Load the weekly Data
To dowload the weekly data, R has a useful tdutuesdayR package which
gives handy and easy to use functions. We will use tt_load function and
load the data in the tt
object.
tt <- tt_load("2020-02-18")
##
## Downloading file 1 of 1: `food_consumption.csv`
Load the files provided in the dataset
There is only one file provided in this week’s dataset. We will load the original file as raw file and will keep it intact. We will create another copy of it for further purposes.
food_consumption_raw <- tt$food_consumption
food_consumption <- food_consumption_raw
food_consumption %>%
head(20) %>%
knitr::kable()
country | food_category | consumption | co2_emmission |
---|---|---|---|
Argentina | Pork | 10.51 | 37.20 |
Argentina | Poultry | 38.66 | 41.53 |
Argentina | Beef | 55.48 | 1712.00 |
Argentina | Lamb & Goat | 1.56 | 54.63 |
Argentina | Fish | 4.36 | 6.96 |
Argentina | Eggs | 11.39 | 10.46 |
Argentina | Milk - inc. cheese | 195.08 | 277.87 |
Argentina | Wheat and Wheat Products | 103.11 | 19.66 |
Argentina | Rice | 8.77 | 11.22 |
Argentina | Soybeans | 0.00 | 0.00 |
Argentina | Nuts inc. Peanut Butter | 0.49 | 0.87 |
Australia | Pork | 24.14 | 85.44 |
Australia | Poultry | 46.12 | 49.54 |
Australia | Beef | 33.86 | 1044.85 |
Australia | Lamb & Goat | 9.87 | 345.65 |
Australia | Fish | 17.69 | 28.25 |
Australia | Eggs | 8.51 | 7.82 |
Australia | Milk - inc. cheese | 234.49 | 334.01 |
Australia | Wheat and Wheat Products | 70.46 | 13.44 |
Australia | Rice | 11.03 | 14.12 |
As we can see, data looks clean and properly arranged. There are 4 columns. Various countries and food categories have been listed. consumption and co2 emission KG/per person/per year has been provided.
Tidying data
It is a good practice to tidy the data. Here the intent is to transform the file in that form which we are going to use the most. It prevents redundancy of steps and saves time.

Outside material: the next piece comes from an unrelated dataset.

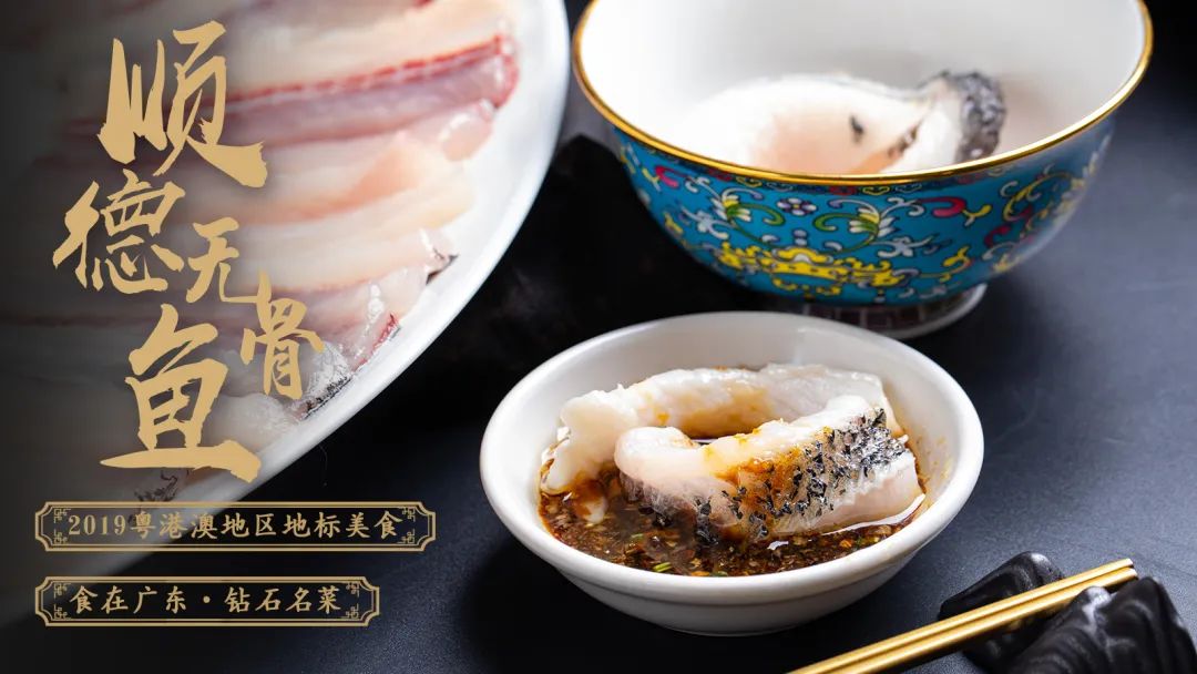 - 顺德无骨鱼 -顺德无骨鱼采用正宗的水库吊水大头鱼,最大的有接近30斤,厨师用精湛的刀法把鱼肉和鱼骨完全分开,鱼柳清水烫熟即可食用,鱼肉爽、滑、鲜、嫩,老幼咸宜。

food_consumption_tidy <- food_consumption_raw %>%
pivot_longer(3:4, names_to = "feature", values_to = "value")
food_consumption_tidy %>%
head(5) %>%
knitr::kable()
country | food_category | feature | value |
---|---|---|---|
Argentina | Pork | consumption | 10.51 |
Argentina | Pork | co2_emmission | 37.20 |
Argentina | Poultry | consumption | 38.66 |
Argentina | Poultry | co2_emmission | 41.53 |
Argentina | Beef | consumption | 55.48 |
Visualize the Data
The most natural way to move ahead with data exploration is to try visualizing the data. Check for most common patterns that you see in the data and try to form some hypothesis.
First of all, we will try to see how consumption and co2 emission are distributed using a boxplot.
food_consumption_tidy %>%
ggplot(aes(feature, value)) +
geom_boxplot(size = 2, alpha = 0.5, color = "gray50") +
geom_jitter(aes(color = feature), alpha = 0.3) +
scale_y_log10(breaks = c(1, 10, 100, 1000)) +
labs(title = "Food Consumption and CO2 emission distribution")
Box-plot shows that co2 emissions and food consumption patterns vary drastically among countries. The highest consumption countries have 1000 times higher consumption than the least consumption countries. Although they are not many.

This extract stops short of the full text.